[Activity] Instruction for the entries below: return the part that opens with the line containing "少し深さのある小皿がいい感じ" and closes with the line containing "Blindfolded tot boy", exactly, and no pictures.

[Task material]
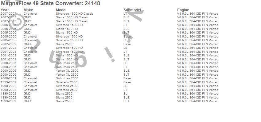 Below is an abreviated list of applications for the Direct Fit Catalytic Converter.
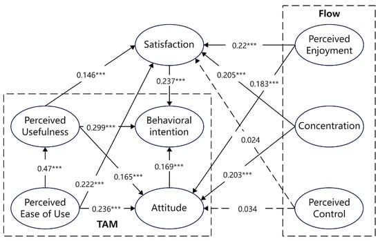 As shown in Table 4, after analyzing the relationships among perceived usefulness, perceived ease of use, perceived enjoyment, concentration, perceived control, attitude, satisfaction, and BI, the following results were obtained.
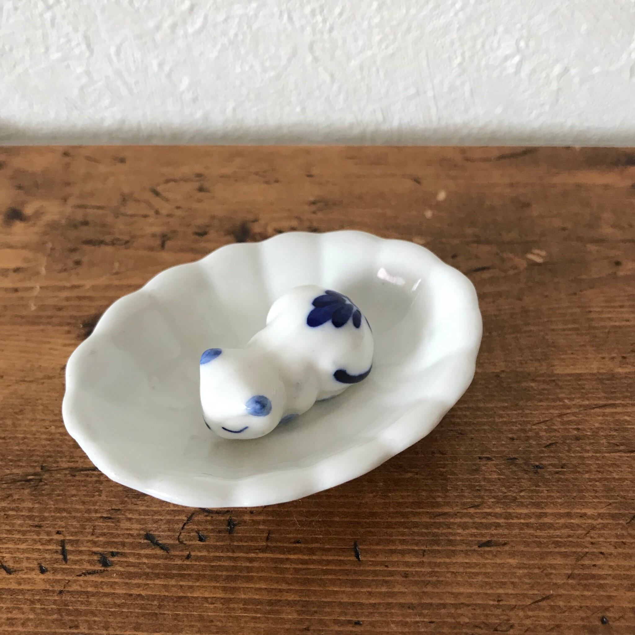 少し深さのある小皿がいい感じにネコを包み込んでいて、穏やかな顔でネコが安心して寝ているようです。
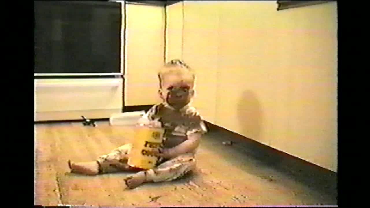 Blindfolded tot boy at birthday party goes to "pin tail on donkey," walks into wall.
==
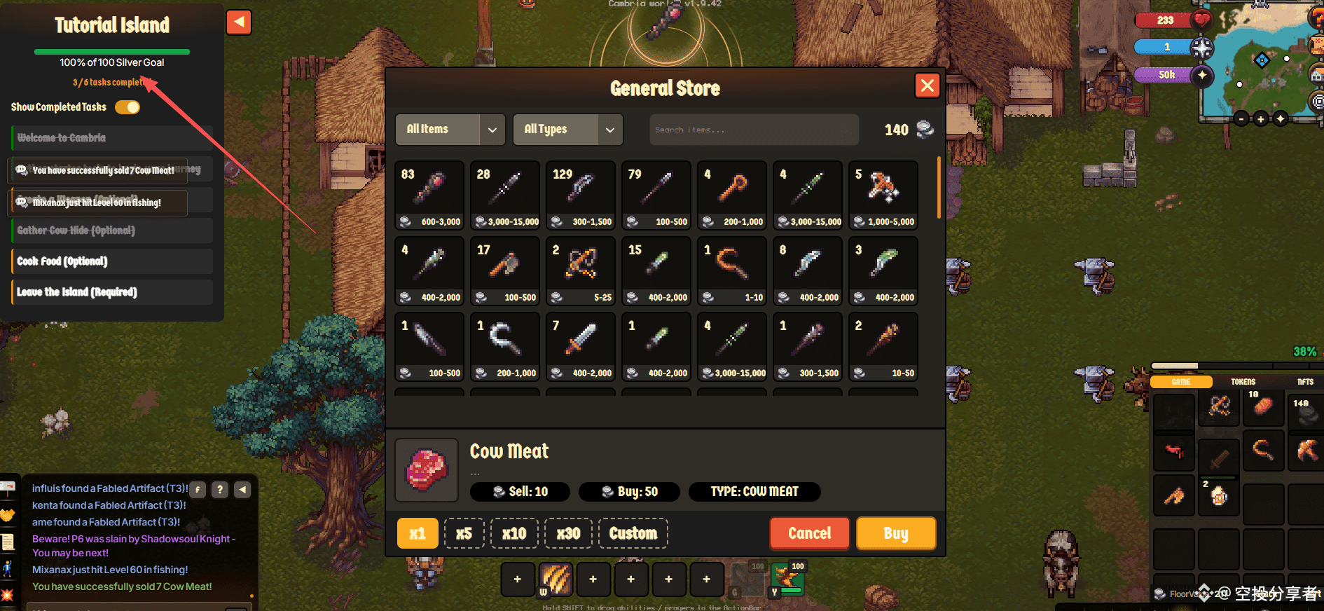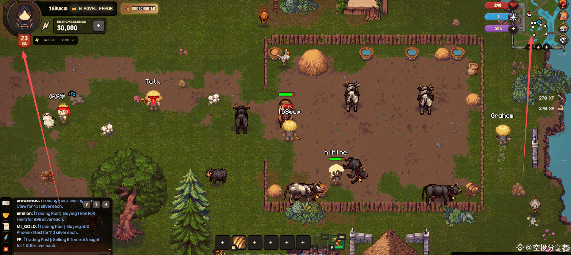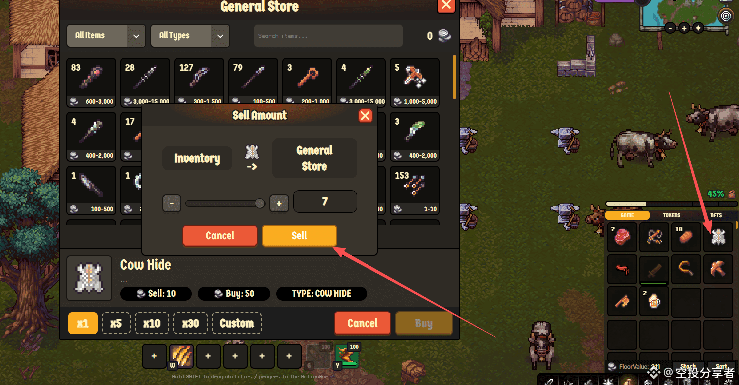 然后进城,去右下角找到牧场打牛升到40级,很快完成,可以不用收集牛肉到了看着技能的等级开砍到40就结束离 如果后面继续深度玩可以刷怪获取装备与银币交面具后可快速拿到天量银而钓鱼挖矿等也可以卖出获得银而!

[Answer to this problem]
 少し深さのある小皿がいい感じにネコを包み込んでいて、穏やかな顔でネコが安心して寝ているようです。
 Blindfolded tot boy at birthday party goes to "pin tail on donkey," walks into wall.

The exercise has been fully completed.